In questa direzione il testo del Disegno di Legge sulla riforma del sistema scolastico appena licenziato dalla Camera rappresenta un’occasione per la competitività del nostro Paese che nel panorama europeo è tra i pochi dove la disoccupazione continua ad aumentare e il numero dei Neet, ovvero dei giovani che non studiano né lavorano, tocca i due milioni e mezzo di unità. Numeri questi insostenibili per una nazione che voglia ancora essere considerata nel novero delle grandi potenze industriali del pianeta.

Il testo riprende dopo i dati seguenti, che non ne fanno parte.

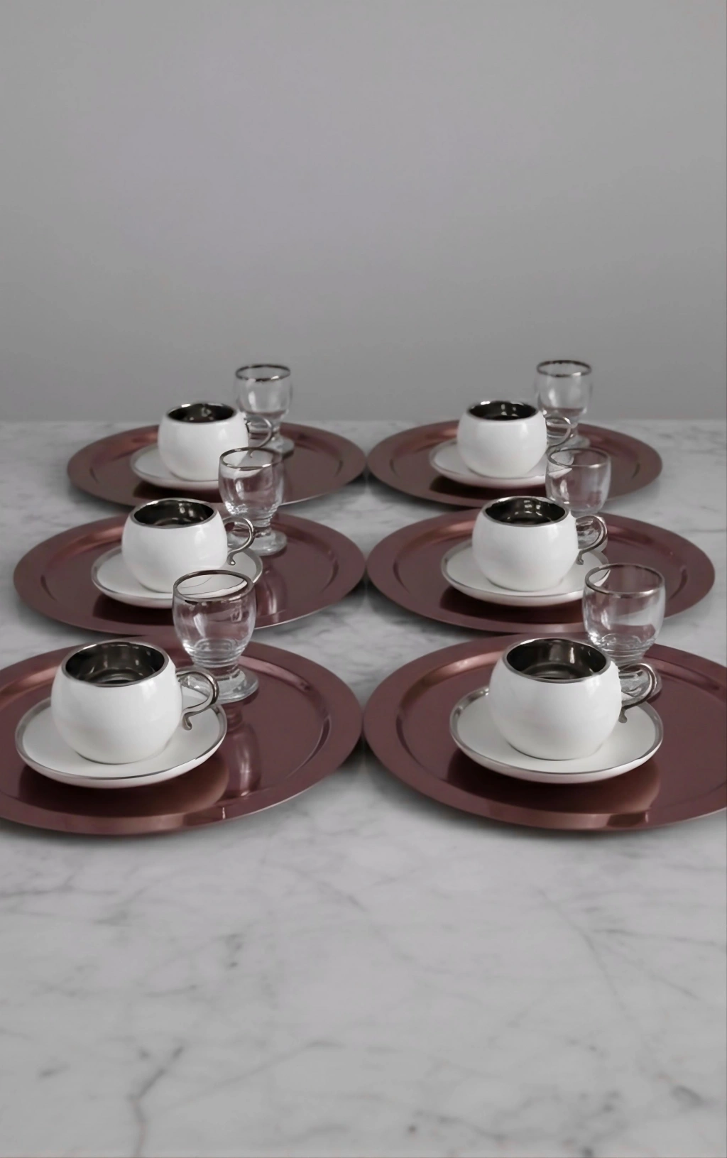 Paslanmaz Çelik 6 Adet Yuvarlak Bakır Sunum Servis Tepsisi

Ripartire dalla Persona per risalire la china vuol dire alimentare l’economia della conoscenza e assicurare a ciascuno adeguati strumenti di orientamento e spazi veri di autorealizzazione. Vuole anche dire avere il coraggio di agire con forza a cominciare dai fondamentali più attuali del nostro sistema di istruzione. Investire sugli individui equivale alla volontà di promuovere il successo formativo attraverso la messa a disposizione per ciascuno di un percorso di formazione articolato che oltre a fornire conoscenze consenta anche, come già è realtà in altri Paesi europei, la concreta acquisizione di competenze e la declinazione di queste sulle proprie attitudini personali ma anche su quanto effettivamente richiesto dalle realtà vive del mondo lavorativo.

Alla “Buona scuola” va riconosciuto il merito di porre grande attenzione al potenziamento del tema chiave del dialogo tra il mondo dell’istruzione e quello dell’impresa e sulla concretizzazione per gli studenti di momenti di conoscenza e frequenza delle realtà produttive. Gli effetti normativi di questo rivolgimento nel testo sono diversi e individuabili, in maniera più significativa se non del tutto esaustiva, nelle nuove regole sull’alternanza scuola-lavoro che esce definitivamente dalla non strutturalità delle iniziative per entrare a pieno regime con 400 ore nell’ultimo triennio dei tecnici e dei professionali e 200 in quello dei licei; nel rilancio del sistema dell’apprendistato; in ultimo all’art. 7 nella previsione di “laboratori territoriali per l’occupabilità” veri e propri luoghi formativi interistituzionali e di innovazione dove realizzare “l’orientamento della formazione ai settori strategici del Made in italy in base alla vocazione di ciascun territorio”.

Previsioni, tutte, che certo necessiteranno di azioni di supporto altrettanto importanti quali ad esempio incentivi fiscali alle imprese che aderiranno ai progetti di alternanza, piuttosto che la messa a sistema di figure di tutoraggio scuola-impresa o ancora del coordinamento di quanto espresso in materia di apprendistato con quanto già previsto nel Jobs act.

Previsioni normative che, senza ombra di dubbio, segnano un’inversione culturale e di sistema nella visione di una scuola troppo spesso e per troppo tempo chiusa e autoreferenziale, concentrata su saperi e percorsi cristallizzati, su metodologie didattiche trasmissive e frontali, su un approccio teorico e poco pratico, su una chiusura verso il proprio interlocutore principale rappresentato proprio dal mondo produttivo.

L’auspicio è che nel prossimo esame del Disegno di Legge nell’aula del Senato ad essere modificati siano soltanto elementi di potenziamento e sostegno a questo rinnovato approccio al tema della formazione che lungi dall’essere una prospettiva di intervento settoriale rappresenta la vera sfida su cui si gioca la capacità del nostro sistema scolastico di costruire e garantire futuro.